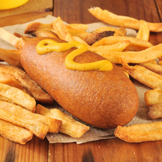 Banderilla de salchicha con papas fritas
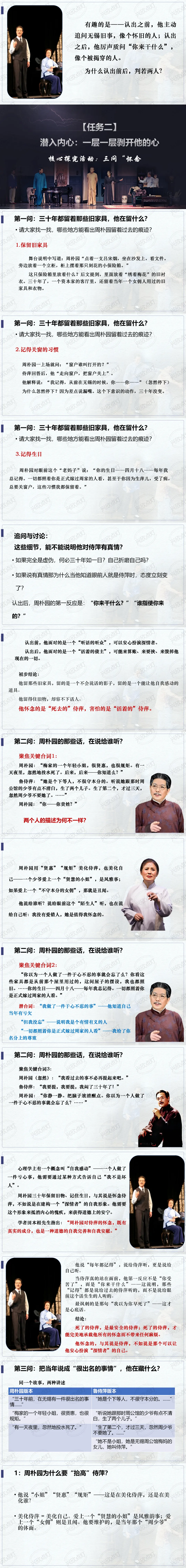本课的教学核心在于通过戏剧语言(台词、潜台词)和舞台说明,透视人物复杂的内心世界。尤其是周朴园这一形象,绝不能简单地用“虚伪”二字概括。正如曹禺本人所言,他笔下的人物都是有血有肉的活人。而理解周朴园的关键,或许就藏在这个问题里:三十年,他到底在怀念什么? 是怀念那个人,还是怀念自己的青春?是怀念一段真情,还是怀念一种可以安心自处的体面?带着这个问题走进文本,我们将触摸到人性最幽微复杂的地带。
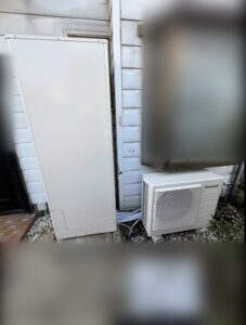 | 内容 | 松戸市日暮でダイキンエコキュートの交換を行いました。既存機種は薄型でしたが、コンクリート基礎工事後、角型を設置しました。EQX46XFV(貯湯ユニット・ヒートポンプユニット)BRC083F1(リモコン)KKC022E4(脚部化粧カバー)土間コンクリート増し打ち463.000円です。(貯湯ユニット・ヒートポンプユニット、リモコン、脚部カバー、工事費、撤去処分費、消費税込み) |
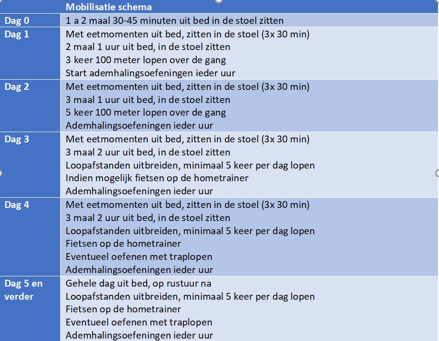 Na de operatie is het belangrijk dat u zo snel mogelijk gaat bewegen, de avond na de operatie helpen wij u op de Intensive Care al in de stoel. Dit breiden wij gedurende de opname steeds verder uit, de verpleegkundige en fysiotherapeut helpen u hierbij. Zie ook het schema hieronder:
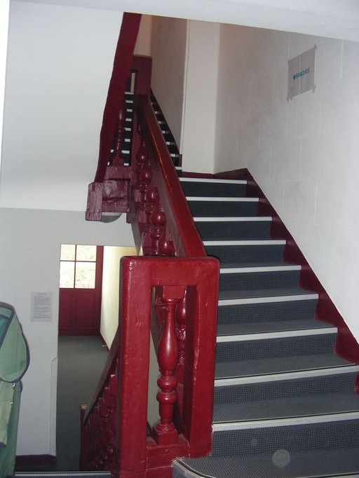 Escalier, vue prise du rez-de-chaussée.Immatriculation
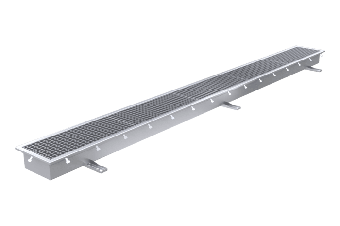 Golvränna utan utlopp, utvecklad för att samla upp och hantera regn- och smältvatten i miljöer där anslutning till avlopp eller oljeavskiljare inte är möjlig. Rännans konstruktion fördelar vattnet jämnt och främjar effektiv avdunstning. Tillverkad i syrafast rostfritt stål för hög korrosionsbeständighet och lång livslängd, och är ett driftsäkert val för områden med mindre vattenmängder och behov av hållbar vattenhantering.
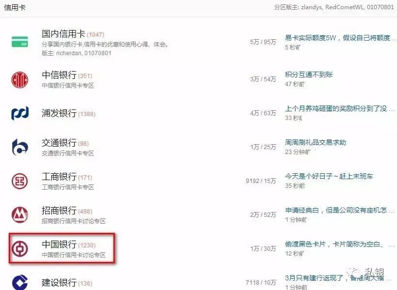 看看今天我爱卡论坛(bbs.51credit.com,国内最著名也是最早的信用卡论坛,卡界权威董峥董老师做首席运营,不要被李鬼51混淆了)上的讨论,中行板块是异常地火爆,反超了平日活跃得多的招行、工行、浦发。
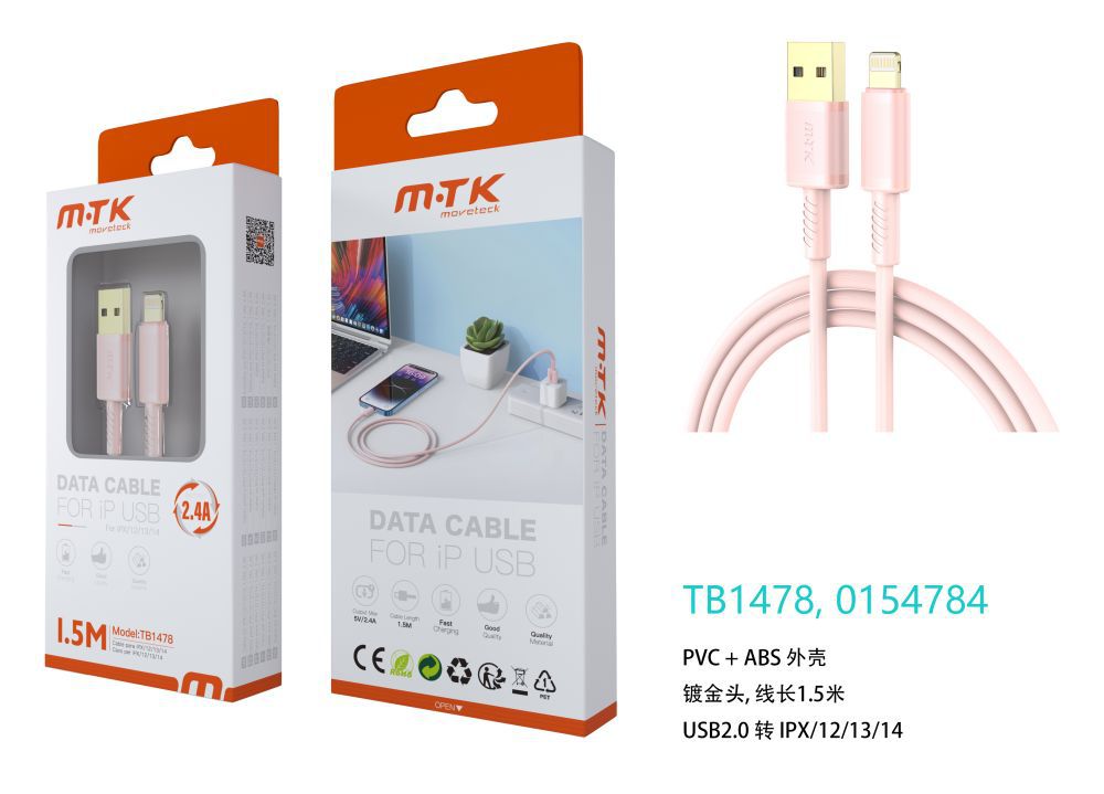TB1478 RS Luxury Cable de datos Luc para Iphone 5-14, 5V/2.4A, 1.5M, Rosa
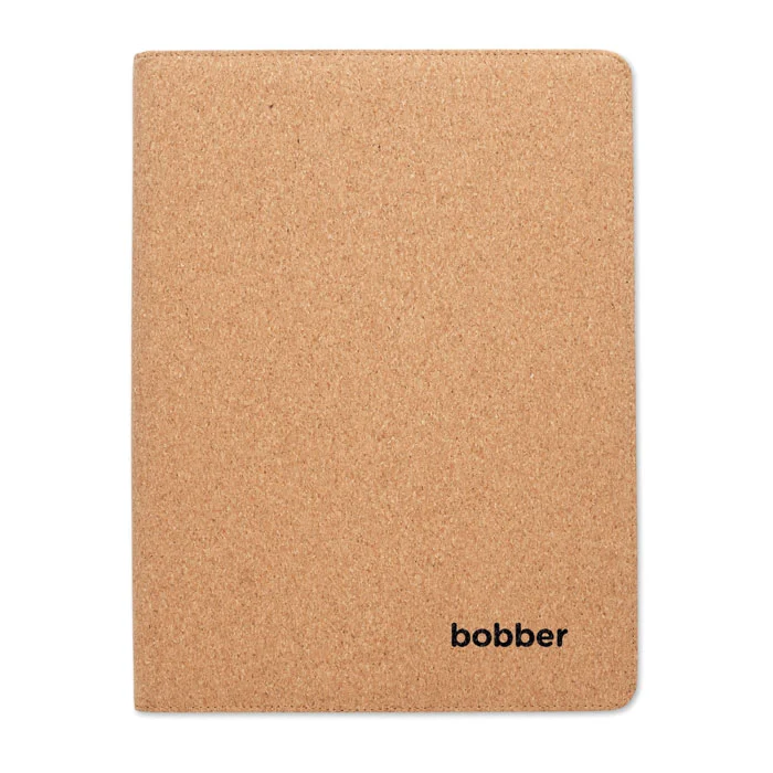 Conférencier A4 en liège. Bloc-notes A4 rechargeable. 30 feuilles lignées en papier recyclé. Stylo et porte-stylo assortis. 2 porte-cartes et un grand compartiment.

======

- **EXERCISE PROMPT**: Retype, exactly as written, each line from the one containing "Escalier, vue prise" through the end of the data above, and leave out every picture.

- **PROBLEM SOLUTION**:
 Escalier, vue prise du rez-de-chaussée.Immatriculation
 Golvränna utan utlopp, utvecklad för att samla upp och hantera regn- och smältvatten i miljöer där anslutning till avlopp eller oljeavskiljare inte är möjlig. Rännans konstruktion fördelar vattnet jämnt och främjar effektiv avdunstning. Tillverkad i syrafast rostfritt stål för hög korrosionsbeständighet och lång livslängd, och är ett driftsäkert val för områden med mindre vattenmängder och behov av hållbar vattenhantering.
 看看今天我爱卡论坛(bbs.51credit.com,国内最著名也是最早的信用卡论坛,卡界权威董峥董老师做首席运营,不要被李鬼51混淆了)上的讨论,中行板块是异常地火爆,反超了平日活跃得多的招行、工行、浦发。
TB1478 RS Luxury Cable de datos Luc para Iphone 5-14, 5V/2.4A, 1.5M, Rosa
 Conférencier A4 en liège. Bloc-notes A4 rechargeable. 30 feuilles lignées en papier recyclé. Stylo et porte-stylo assortis. 2 porte-cartes et un grand compartiment.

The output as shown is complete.